Millions of wage-workers have seen the purchasing power of their wages decrease until life
has become a desperate battle for mere existence.
2. Capitalist concentration is mercilessly crushing the class of small business men and driving
its members into the ranks of propertyless wage-workers. The overwhelming majority of
the people of America are being forced under a yoke of bondage by this soulless industrial
despotism. It is this capitalist system that is responsible for the increasing burden of
armaments, the poverty, slums, child labor, most of the insanity, crime and prostitution,
and much of the disease that afflicts mankind. Under this system the working class is
exposed to poisonous conditions, to frightful and needless perils to life and limb, is walled
around with court decisions, injunctions and unjust laws, and is preyed upon incessantly for
the benefit of the controlling oligarchy of wealth. Under it also, the children of the working
class are doomed to ignorance, drudging toil and darkened lives.
3. Society is divided into warring groups and classes, based upon material interests.
Fundamentally, this struggle is a conflict between the two main classes, one of which, the
capitalist class, owns the means of production, and the other, the working class, must use
these means of production, on terms dictated by the owners. The capitalist class, though
few in numbers, absolutely controls the government, legislative, executive and judicial. This
class owns the machinery of gathering and disseminating news through its organized press.
It subsidizes seats of learning-the colleges and schools-and even religious and moral
agencies. It has also the added prestige which established customs give to any order of
society, right or wrong. The working class, which includes all those who are forced to work
for a living whether by hand or brain, in shop, mine or on the soil, vastly outnumbers the

capitalist class. Lacking effective organization and class solidarity, this class is unable to
enforce its will. Given such a class solidarity and effective organization, the workers will
have the power to make all laws and control all industry in their own interest. All political
parties are the expression of economic class interests.

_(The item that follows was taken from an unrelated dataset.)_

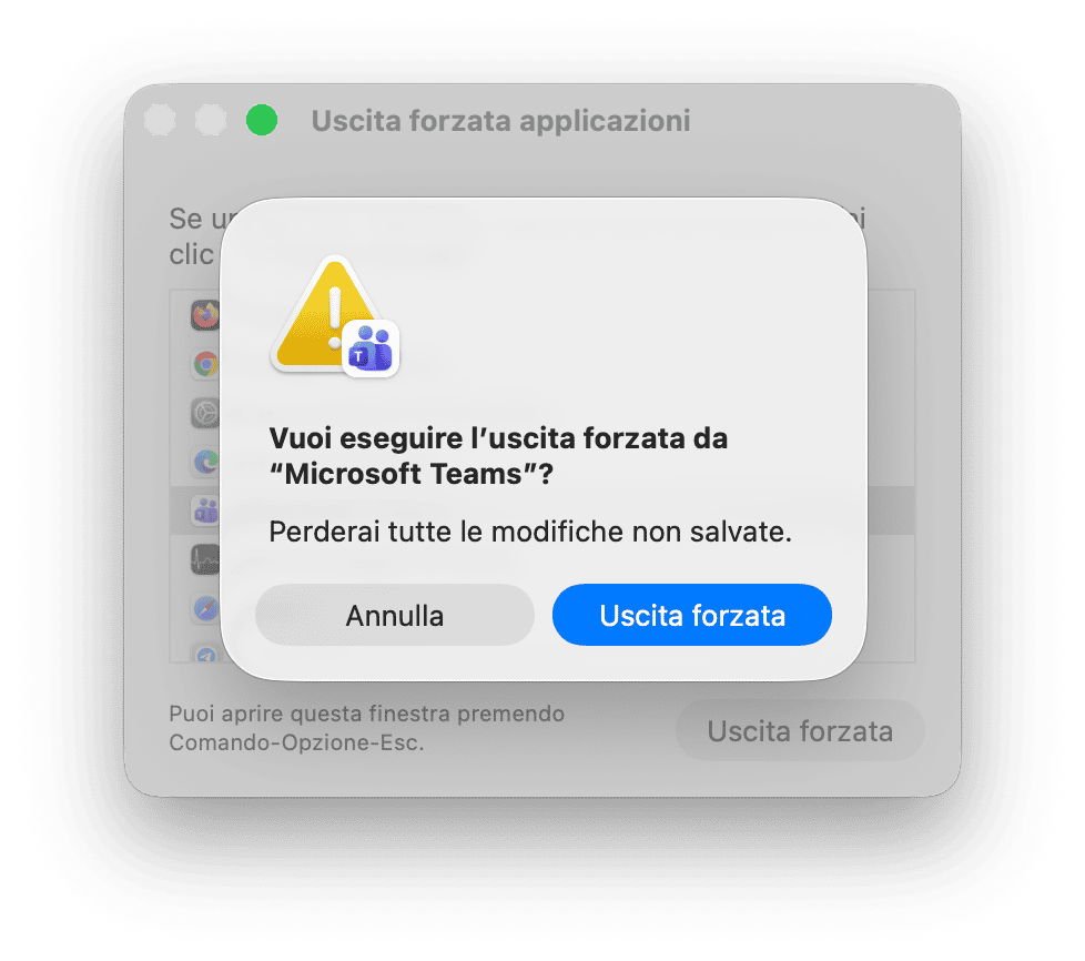 Se Teams rimbalza nel Dock ma non si avvia, fai clic destro oppure Controllo + clic sull'icona e scegli Esci. In alternativa, premi Comando + Opzione + Esc, scegli Teams e clicca Uscita forzata. Poi, prova a riaprire l'app.

All other parties than the Socialist
party represent one or another group of the ruling capitalist class. Their political conflicts
reflect merely superficial rivalries between competing capitalist groups. However they
result, these conflicts have no issue of real value to the workers. Whether the Democrats or
Republicans win politically, it is the capitalist class that is victorious economically. The
Socialist party is the political expression of the economic interests of the workers. Its
defeats have been their defeats and its victories their victories. It is a party founded on the
science and laws of social development. It proposes that, since all social necessities to-day
are socially produced, the means of their production and distribution shall be socially
owned and democratically controlled.